Sedang acara di panggung promenade akan dibuka oleh tampilan dari para tenant di Pacific Place, yang kali ini adalah MANGO, Bebe, dan Evita Peroni. MANGO akan menampilkan koleksi yang didominasi warna-warna natural pale, terakota, dan kecoklatan, berlatar back to 70’. Sedang Bebe dengan gaya seksi glamor –nya menghadirkan koleksi musim gugur – dingin lewat dandanan wanita yang ‘dingin’ dalam nuansa warna-warna pucat. Aksesori dari Evita Peroni akan melengkapi pertunjukkan ini.

Sementara itu co-sponsor JFW 2010/2011 Mazda kembali menggelar Mazda Young Vibrant Designers. Kali ini menggandeng tiga perancang muda yang inovatif. Mereka adalah Anastasia Hoeng, Steven Huang, dan Zacky Gafiki. Rancangan Zacky, jebolan Lomba Perancang Mode 2007, yang bergaris asimetris, model tumpuk, tampak rumit tapi sekaligus asyik, selama ini telah menjadi favorit para editor mode. Anastasia merupakan pemilik label Pettifogr yang pelanggan setianya beredar di Jakarta hingga Singapura. Begitu pun Steven Huang dengan gaun-gaun feminin – modern.

Sekali lagi rangkaian busana muslim akan tampil dengan peragaan dari UP2DATE, kali ini bertema Replayshion. Akan tampil 65 set busana dengan desain asimetris, kesan tumpuk, dekonstruktif dan warna-warna monokrom serta detil tye dye.

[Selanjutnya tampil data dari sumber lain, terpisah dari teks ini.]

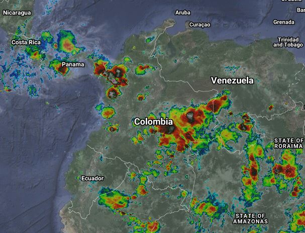 Para esta noche se presenta cielo nublado en gran parte del territorio nacional, debido a la interacción de la Zona de Confluencia Intertropical con una vaguada en el Pacifico y el ingreso de humedad por el oriente y sur del país, generando inestabilidad atmosférica, por lo que se prevén lluvias de variada intensidad y algunas tormentas en sectores de los departamentos de Chocó, Valle del Cauca, Cauca, Nariño, Putumayo, Caquetá, Amazonas, Vaupés, Guaviare, Guainía, Vichada, Meta, Antioquia, Eje Cafetero y Santander. Precipitaciones ocasionales y lluvias de menor intensidad en Boyacá, Cundinamarca, Tolima, Casanare y Arauca.
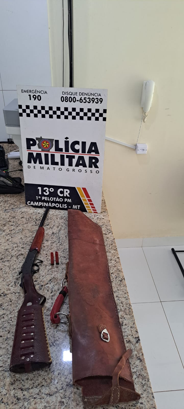 Diante do flagrante de transporte ilegal de arma de fogo, foi dada voz de prisão ao condutor, que foi encaminhado ao 1º Pelotão da Polícia Militar de Campinápolis para a confecção do Boletim de Ocorrência e, posteriormente, conduzido à Delegacia de Polícia Civil, onde foram adotadas as medidas legais cabíveis.
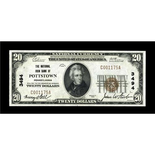 <B>Pottstown, PA</B></I> - $20 1929 Ty. 1 <B>The National Iron Bank</B></I> Ch. # 3494<BR>A well centered <B>Gem Crisp Uncirculated</B></I> with a better bank title. The paper surfaces are absolutely superb and this bright note should be viewed as a learning experience to see first hand what a truly original and unmolested note looks like.<BR><BR><b>Shipping:</b> Coin/Currency (<a target="_blank" href="http://www.heritageauctions.com/common/shipping.php">view shipping information</a>)

Malam ini juga akan digelar LPM Graduates : The Style Makers. Show lintas waktu dari para pemenang Lomba Perancang Mode Femina Grup dari tahun 80-an hingga 2007. Mereka adalah Chossy Latu, Itang Yunasz, Carmanita, Denny Wirawan, Andreas Odang, Billy Tjong, dan Eny Ming.

Saksikan Itang Yunasz yang menampilkan Heavensent, koleksi berbahan chiffon, tuton, kain-kain India, songket India dan Sumatra yang diolah menjadi busana dengan potongan draperi, caftan, long and medium coat bergaya sari India. Carmanita akan hadir dengan Signature, kerajinan kain dengan sentuhan budaya Makasar dalam balutan draping khas Carmanita.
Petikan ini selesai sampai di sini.